One of the slowest parts of CSV parsing is figuring out dates. Dates (and times) can be written in many ways and combinations. So, for example, you might have "08/09/1972" in one cell, and you might have "1972-09-08" in another and maybe "08/09/1972 10:00" in a third. This is not a typical case, and you usually will use a single date format, max two, in a file. But FlexCel still has to check, for every cell it reads, if it is a date, and what date that particular cell it is.
So if you know in advance the date and times formats used in the file, passing those to FlexCel will speed up the process significantly. You can use code as below:
var
dateFormats: TArray<string>;
xls: TExcelFile;
begin
//File formats used in the file:
dateFormats := TArray<string>.Create('yyyy-MM-dd', 'yyyy-MM-dd hh:mm', 'hh:mm');
xls := TXlsFile.Create(true); //Create a new file.
try
xls.Open('csv.csv', TFileFormats.Text, ',', 1, 1, nil, dateFormats, TEncoding.UTF8, false); //Import the csv text.
Process(xls);
finally
xls.Free;
end;
Reports
Reports are by design a little slower than the API, because they must read a template before, parse it and compile before filling the cells. So if you need ultimate performance, don’t use reports, use the API directly. But remember; this advice is similar to “If you need absolute performance use assembler and not Delphi”. Yes, you will get the most performance in assembler or the API than in Delphi or Reports. But it might not be worth what you lose in flexibility and ease of use.
Avoid too many master-detail levels
In most cases, the TFlexCelReport overhead is virtually zero, as the code in FlexCel was designed from the start to be very efficient when running reports. But there is a case where you can see visible performance degradation and that is when you have many nested master-detail reports.
The problem here is that FlexCel works by inserting ranges of cells. If you have a template with a single range, it will insert the rows needed for every record in the database at the beginning, and then fill those rows. A single insert of n rows, this is very fast.
But if you have a master-detail report, it will first insert all the rows needed for the master, and then, for every record in the master, it will insert all the rows needed for the corresponding detail. If that detail itself has other detail then the inserts grow a lot.
Normally, for more than 3 levels of master-detail, you shouldn’t have very big reports. Most of the times this is ok, since when you have huge reports they are normally just the records of a database. Those will be used for analyzing the data because nobody is going to print or read a million row report anyway.

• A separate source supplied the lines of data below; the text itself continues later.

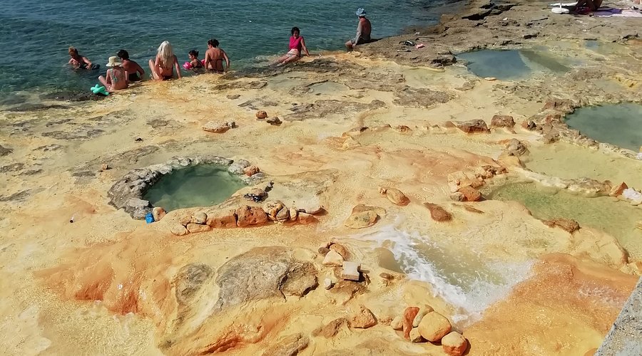 Aidipsos, in the northwestern part of the island of Evia, is one of the most popular Greek spa towns and destinations. It is perhaps the most famous spa town in Greece. Historically, the area has been visited by Roman emperors such as Hadrian, Marcus Aurelius and Constantine the Great. There are about 60 hot springs in and around Aidipsos. The waters rise from a depth of 2.5 km and have a temperature of between 34 and 71.2 °C, and also contain minerals such as potassium, calcium, magnesium, iron and sodium.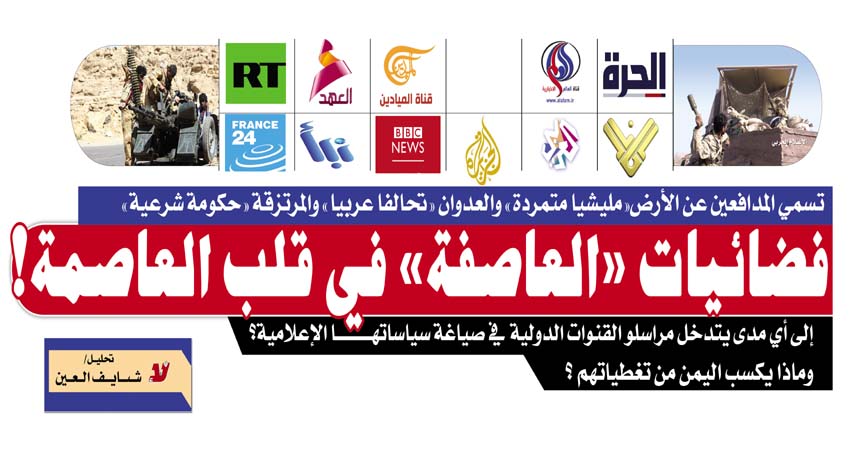 تسمي المدافعين عن الأرض«مليشيا متمردة» والعدوان «تحالفا عربيا» والمرتزقة «حكومة شرعية».. فضائيات «العاصفة» في قلب العاصمة!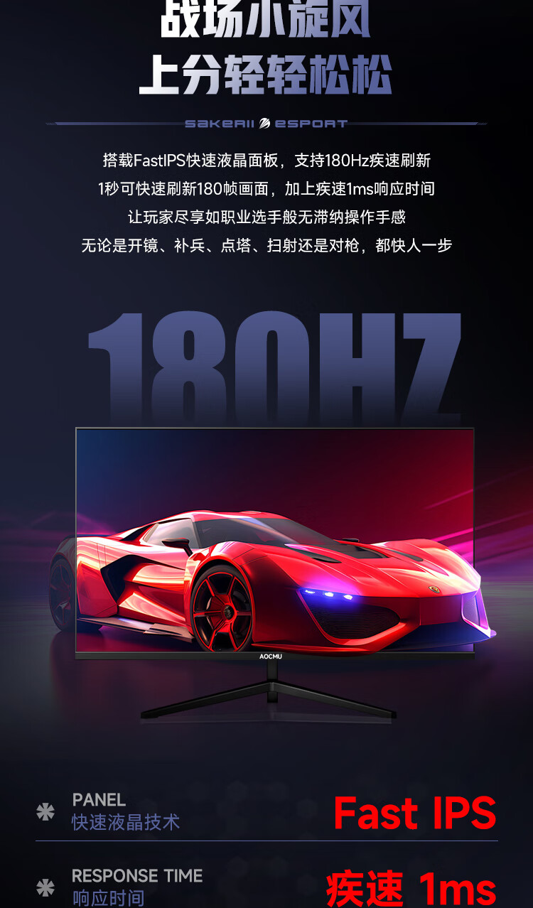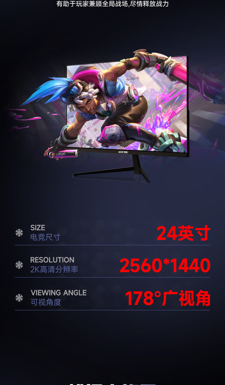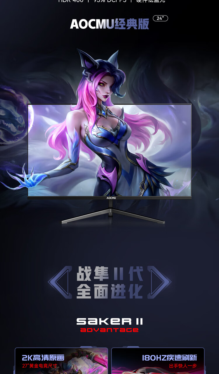 AOCMU 24-inch monitor 1K500HZ computer display high-definition 2K240Hz ultra-thin office design e-sports small steel cannon game IPS screen 24-inch 1K75HZ face-to-face narrow black limited time special price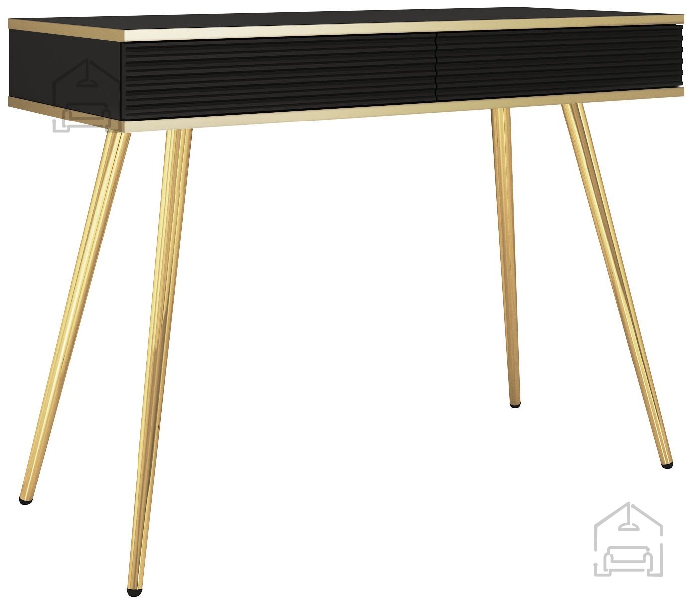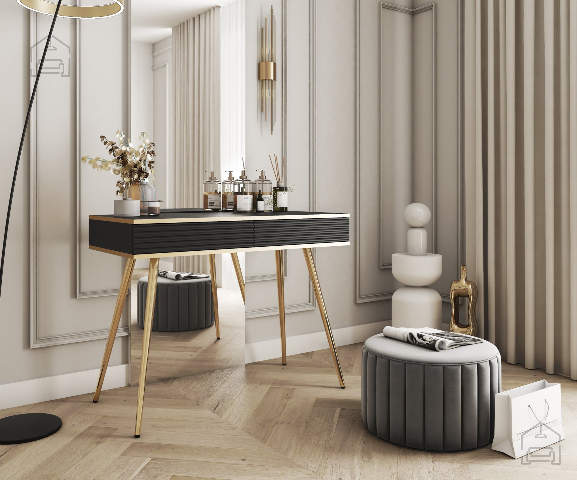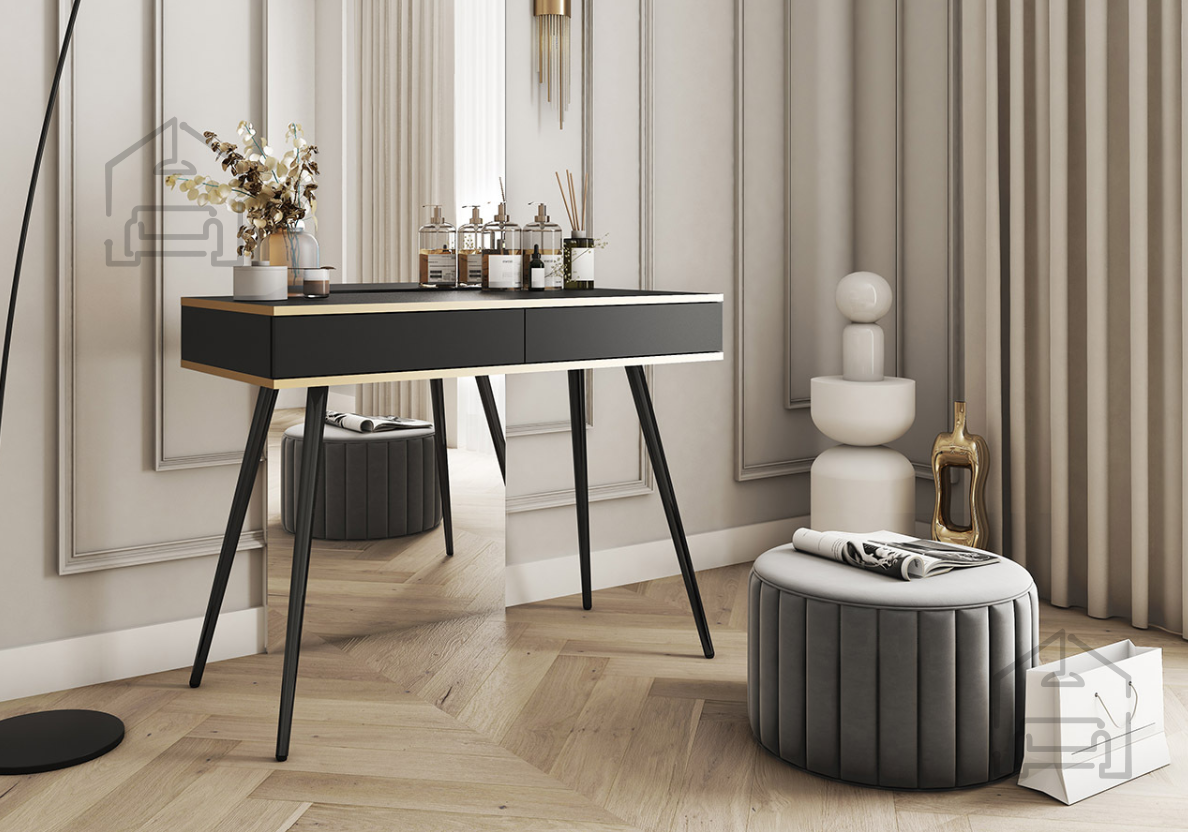 Entdecken Sie die Schönheit und praktische Seite des Schminktisches Oro, der mit seinem eleganten schwarzen Farbton und dem hochwertigen Design all Ihre Wünsche erfüllt. Gefertigt aus erstklassigem MDF-Material vereint dieser Tisch Langlebigkeit und ansprechende Optik – ideal für jedes moderne Zuhause.

Complex reports designed to be printed or read normally are smaller, and for small reports you don’t really need to care about performance.
Prefer snapshot transactions to serializable transactions
When reading the data for a report, there are two transaction levels that can be used to avoid inconsistent data: snapshot or serializable. While both will provide consistent data, “serializable” provides it by locking the rows that are being used, therefore blocking other applications to modify the data while the report is running. “Snapshot” transactions on the other side operate in a copy of the data, allowing the other applications to continue working in the data while the report is running.
If your database supports snapshot transactions, and your reports take a while to run, and other users might want to modify the data while the report is running, snapshot transactions are a better choice.